Ромодановский повернул голову к толпе — шапки и бороды тотчас нырнули за забор. Он тронул Фильку ногой. На маковке привязанного блеснула зонтом прилипшая к волосам наледь. Лед светился в глазницах и висел сосульками с бороды и усов. Ромодановский на минуту задумался: от капли или от холоду умер колодник? Он решил проверить еще раз, посадив под каплю здорового, неперемученного человека.
— Выводите! — повелел он страже.
— Причащаются...— пискнул было капитан, но Ромодановский ошпарил его взглядом, и тот кинулся в каземат за булавинцами.
Первый ряд столбов с крючьями стоял ближе к забору, где торчали головы любопытных. Второй ряд был назначен для казни колесованьем. На высоких столбах — сажени в две — были надеты большие колеса, а поверх их торчали на аршин заостренные концы бревен, толщиной в руку. Ромодановский пошел к столбам с колесами, туда же устремились помощники палача с лестницей и дегтем в черном заляпанном ведре. Они ловко влезли наверх и смазали ступки колес. Крутнули — крутятся. Потрогали концы столбов ладонями — острые, но перед страшным хозяином нельзя не показать раденья — подострили топориками.
Девять измученных булавинцев вытянули из подземелья, кое-как подвели к столбам. В руках они держали свечи. Поп каждому дал поцеловать крест.
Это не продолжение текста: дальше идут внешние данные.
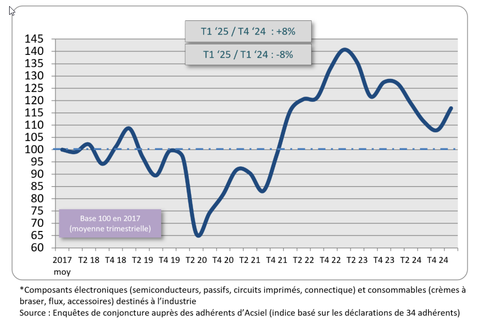 Acsiel (Alliance des composants et systèmes pour l’industrie électronique) a délivré son baromètre des ventes trimestrielles de la filière électronique nationale. Ce baromètre intègre deux indicateurs : d’une part les ventes liées aux composants électroniques (semi-conducteurs, passifs, PCB, connectique) et aux consommables (crèmes à braser, flux, accessoires) pour l’industrie, d’autre part les ventes liées aux équipements de test et de mesure et de production de cartes électroniques.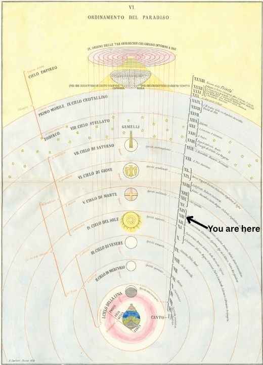 The great exiled Florentine is trying to render realities that dwarf our imagination. In Paradiso he makes the sciences sing and Canto XIII, in particular, concentrates our attention on primary and secondary creation, and on how divine light reflects through the nine orders of angels to the sublunar world.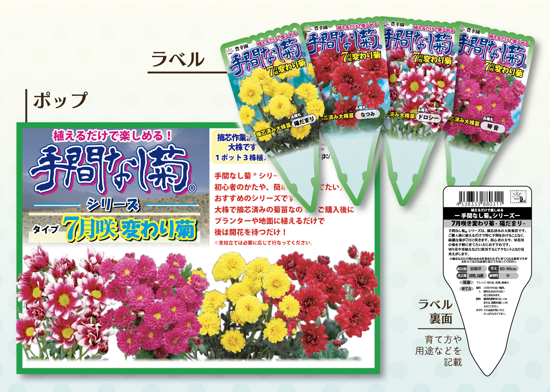 カラーポットで花色が簡単に分かります。最近では大株苗も好評です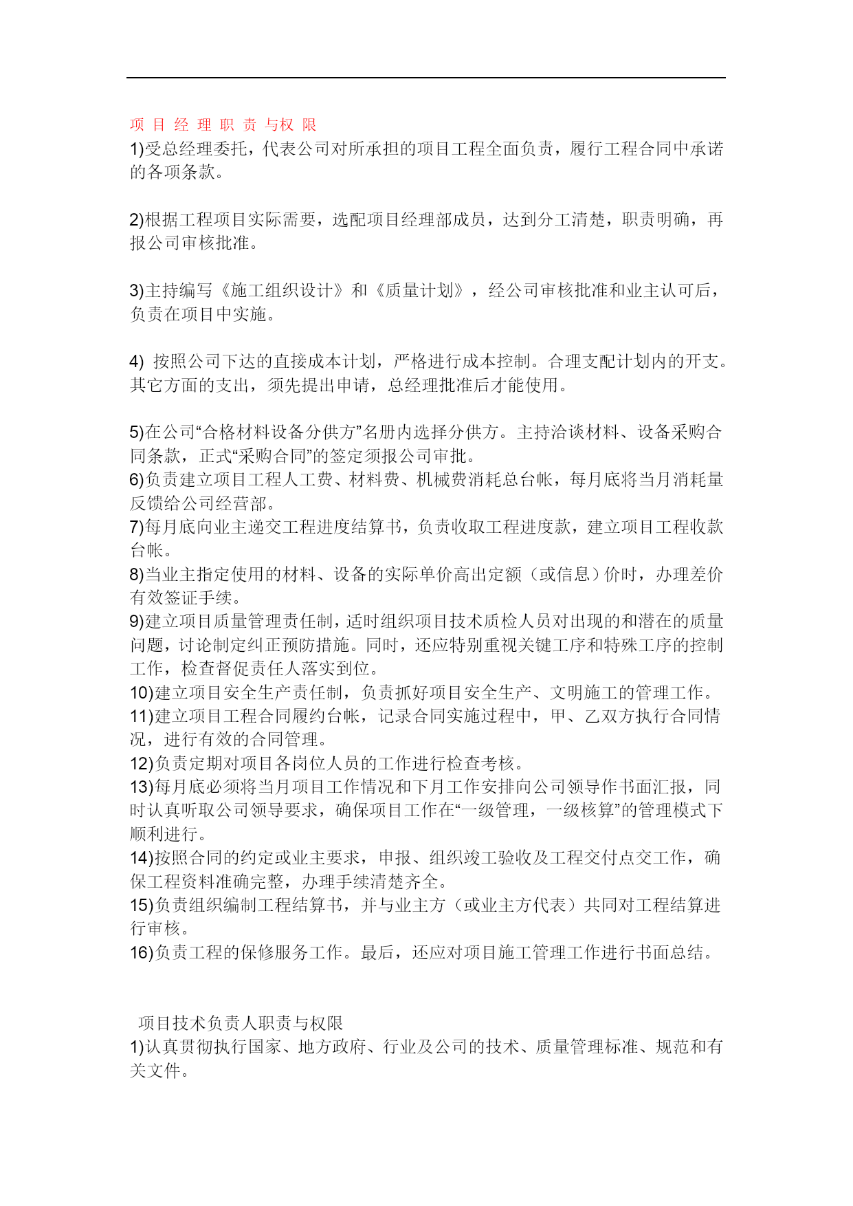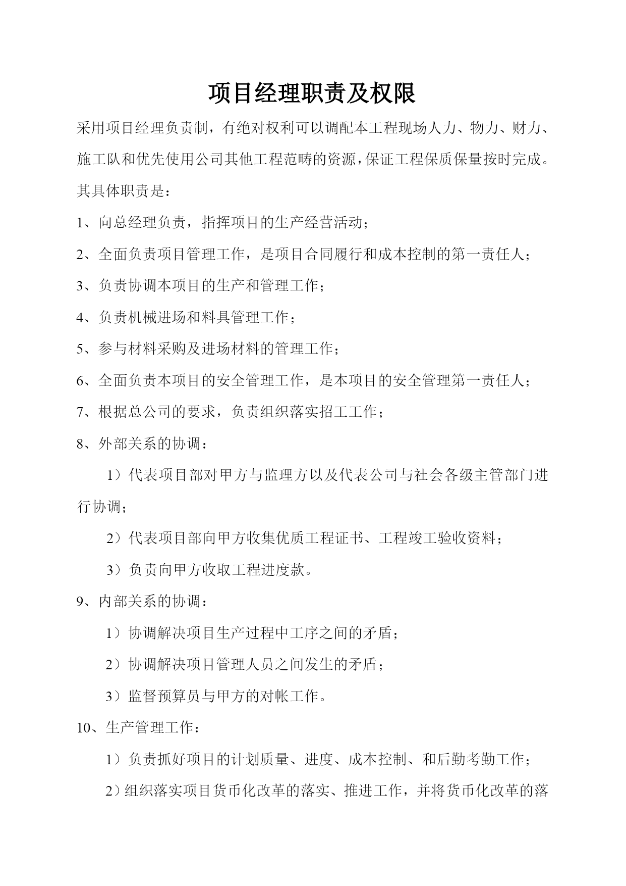 项目经理职责及权限采用项目经理负责制,有绝对权利可以调配本工程现场人力、物力、财力、施工队和优先使用公司其他工程范畴的资源,保证工程保质保量按时完成。其具体职责是:向总经理负责,指挥项目的生产经营活动;全面负责项目管理工作,是项目合同履行和成本控制的第一责任人;负责协调本项目的生产和管理工作;负责机械进场和料具管理工作;参与材料采购及进场材料的管理工作;全面负责本项目的安全管理工作,是本项目的安全管理第一责任人;根据总公司的要求,负责组织落实招工工作;外部关系的协调:代表项目部对甲方与监理方以及代表公司与

Развязали руки для крестного знаменья и потащили на колеса.
— Брюхом вниз! — крикнул Ромодановский. По опыту он знал не хуже палачей, что в одежде трудно проколоть тело, если протыкать его со спины.
Каждого натыкали на столб два палача и просовывали руки и ноги осужденных меж колесных спиц. Конец столба ни у кого не вышел наружу, но стоны уже разносились по площади смерти, и кровь ручьями лилась вниз, смешиваясь с дегтем. Когда насадили восьмерых, Ромодановский велел оставить девятого, а тех приказал крутить. Тут и началась пытка. Тела, насаженные на острия столбов, проседали под собственной тяжестью, навинчивались на дерево. Как только стоны затихли, Ромодановский велел всем отрезать головы и насадить их на концы столбов. Главный кат выполнил это сам и подсеменил к хозяину.
— На крюк! — кивнул Ромодановский на девятого. Он приблизился к нему, взял за волосы рукой в перчатке.—
Где Булавин? Где? Молчишь?
Кат схватил булавинца — это остался Копыл — и подтащил его к первому ряду столбов.
— Хрипи мне, вор! — зыкнул он на Копыла.
— Воздастся вам, нехристи! — все же выговорил Копыл.
В тот же миг увидел, как толстое поперечное бревно стало приближаться к нему. Страшно круглились пять звеньев массивной короткой цепи со ржавым крюком на конце. Кат поднялся на широкий чурбан, и пока двое других поддерживали Копыла в воздухе, задрал осужденному рубаху. Поверх головы главного ката Копыл вдруг увидел далеко распахнутую даль Подмосковья и густой дым в какой-то слободе. Дым мазал стеклянно-прозрачную голубизну морозного неба, лениво заваливаясь к Москве. Там был пожар, и бедствие это, рядом с жуткой казнью, на миг показалось Копылу таким малым, что он слабо и болезненно покривил губы.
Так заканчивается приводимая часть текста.